Всё-таки немного устал от этих усилий. Напишу Вам снова. В той мере, в какой мой разум способен ещё интересоваться другими, я не думаю ни о ком, кроме Вас и Вашего ребёнка.

Антуан.
Мускье, 28 июня..

Несколько раз перечёл сегодня утром Ваше письмо, дорогая Женни. Оно не только просто и прекрасно. Оно именно такое, которого я мог желать. Такое, которого я хотел от Вас, такое, которое, я знал, Вы напишете мне. Дождался ночи, полной тишины, и пишу Вам; дождался часа, когда лечебные процедуры закончены, когда дежурный санитар, обходящий палаты, ушёл, когда в перспективе только бессонница и призраки… Благодаря Вам я чувствую в себе… чуть было не написал: «больше мужества». Но дело не в мужестве, и не мужество мне нужно; возможно, мне просто нужно чьё-нибудь присутствие, чтобы чувствовать себя менее одиноким, менее с глазу на глаз с тем, что может продлиться ещё месяцы и месяцы.
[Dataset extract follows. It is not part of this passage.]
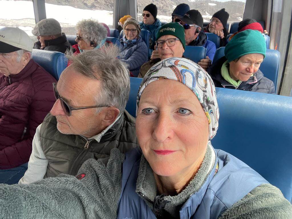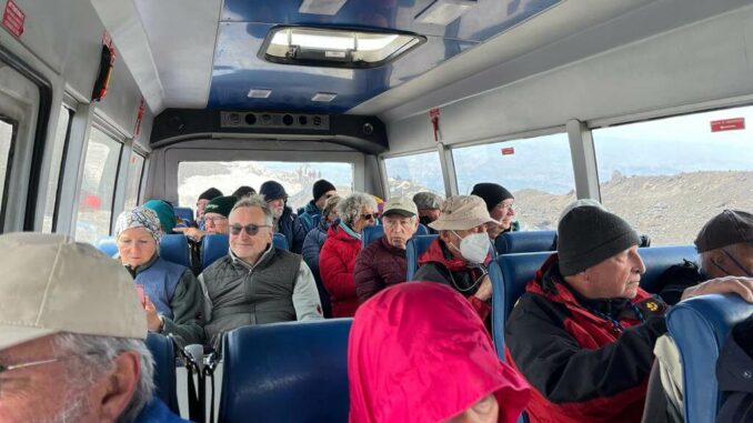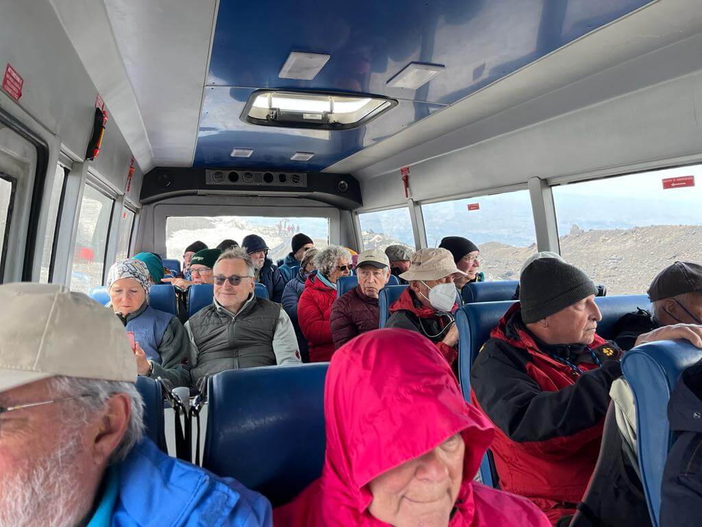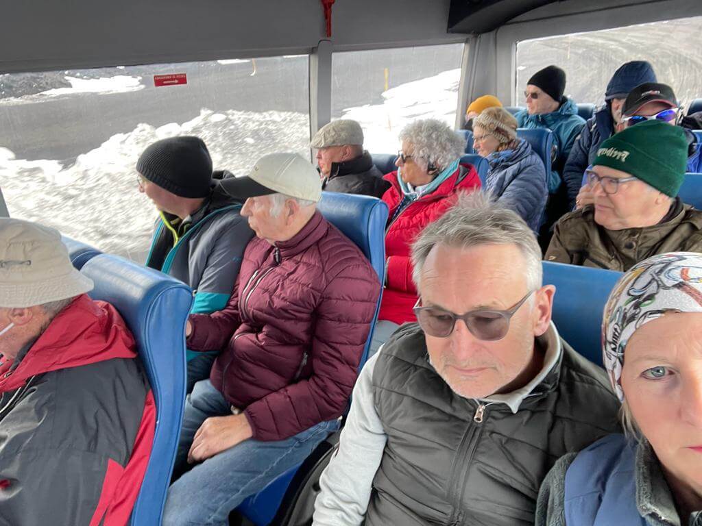 Um 8.40 Uhr holen uns bei bestem Wetter unser Busfahrer Salvatore und unsere Führerin Maria Lina am Campingplatz ab. Der Bus bringt uns in einer starken Stunde mit einem Fotostop unterwegs zur Talstation der Bergbahn, die auf den Ätna auf 2.500 Meter Höhe führt. Von dort aus geht es mit Unimogs weitere 250 Höhenmeter hinauf. Da wartet schon ein Führer auf uns. Maria Lina übersetzt uns seine Ausführungen. Wir wandern bei Starkwind und bei seinen Erläuterungen über eine „Mondlandschaft“ mit ihren verschiedenen Gesteinen bis an den Rand eines 5 x 7 km langen Kraters, der im Falle eines Ausbruchs des Ätna nach Süden die Lava auffangen und so eine Zeit zurückhalten würde. Nach der Rückkehr an die Busstation beginnt der Transfer zur Bergstation der Seilbahn, die uns unserem Bus näher bringt. In der dortigen Bar lösen wir die Gutscheine des Campingplatzes für Sandwich oder Pizza mit Getränk und Café ein. An der Talstation kaufen sich noch einige den guten Honig vom Ätna, den es in vielen Geschmacksrichtungen gibt, bevor uns der Bus zurück zum Campingplatz bringt. Alle sind sich darüber einig, dass der Ätnaausflug bei bestem Wetter nicht hätte besser sein können. Am Nachmittag heißt es ein wenig ausruhen. Abends trifft sich dann ein großer Teil der Gruppe wieder zum gemeinsamen Abendessen im vorzüglichen Restaurant des Campingplatzes.

И, верите ли, я не хочу, чтобы эти месяцы прошли скорее, чем им положено. Отсрочка, от которой я не желаю отказываться. Я сам себе удивляюсь. Вы же понимаете, что я располагаю средством положить конец. Но это средство я берегу напоследок. Сейчас ещё — нет. Я принимаю отсрочку, я цепляюсь за неё. Странно, не правда ли? Когда человек был так страстно влюблён в жизнь, должно быть, не так-то уж легко от неё оторваться; и особенно когда чувствуешь, что она уходит от тебя. В дереве, сражённом молнией, ещё многие весны продолжают подниматься соки, и корни никак не хотят умирать.
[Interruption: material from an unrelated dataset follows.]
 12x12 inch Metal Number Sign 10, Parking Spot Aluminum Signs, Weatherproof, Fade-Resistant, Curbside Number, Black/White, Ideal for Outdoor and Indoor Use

Однако, Женни, в Вашем прекрасном письме не хватает одного: Вы ничего не пишете о мальчике. Только раз Вы написали о нём — в предыдущем Вашем письме. Когда я его получил, я был ещё в таком состоянии отрешённости, отказа от всего, что целый день, а может быть, и больше, не распечатывал конверта. В конце концов я взял его в руки, прочёл строки, в которых Вы пишете о Жан-Поле, и впервые на какое-то мгновение высвободился из-под власти навязчивой мысли, вышел из заколдованного круга, перенёс свои интересы на кого-то другого, снова стал воспринимать внешний мир. И с тех пор я часто возвращаюсь мыслью к мальчику. В Мезоне я видел его, прикасался к нему, слышал его смех, и вот я и сейчас ещё чувствую под пальцами, как напрягалось его маленькое тельце; и когда я начинаю думать о нём, он сразу же встаёт передо мной. А вокруг него сразу же кристаллизуются мысли, мысли о будущем. Даже осуждённый, даже тот, кого у порога ждёт смерть, и тот жадно строит планы на будущее, надеется! Я начинаю думать: вот этот мальчик живёт, входит в жизнь, целая жизнь перед ним; и передо мной открываются просветы, которые вообще-то мне отныне заказаны. Мечты больного, быть может. Что же! Теперь меньше, чем прежде, я боюсь растрогаться. (Эта душевная слабость, конечно, тоже следствие болезни!) Я так мало сплю. И не хочу пока ещё притрагиваться к снотворному. Очень скоро мне придётся слишком часто прибегать к нему.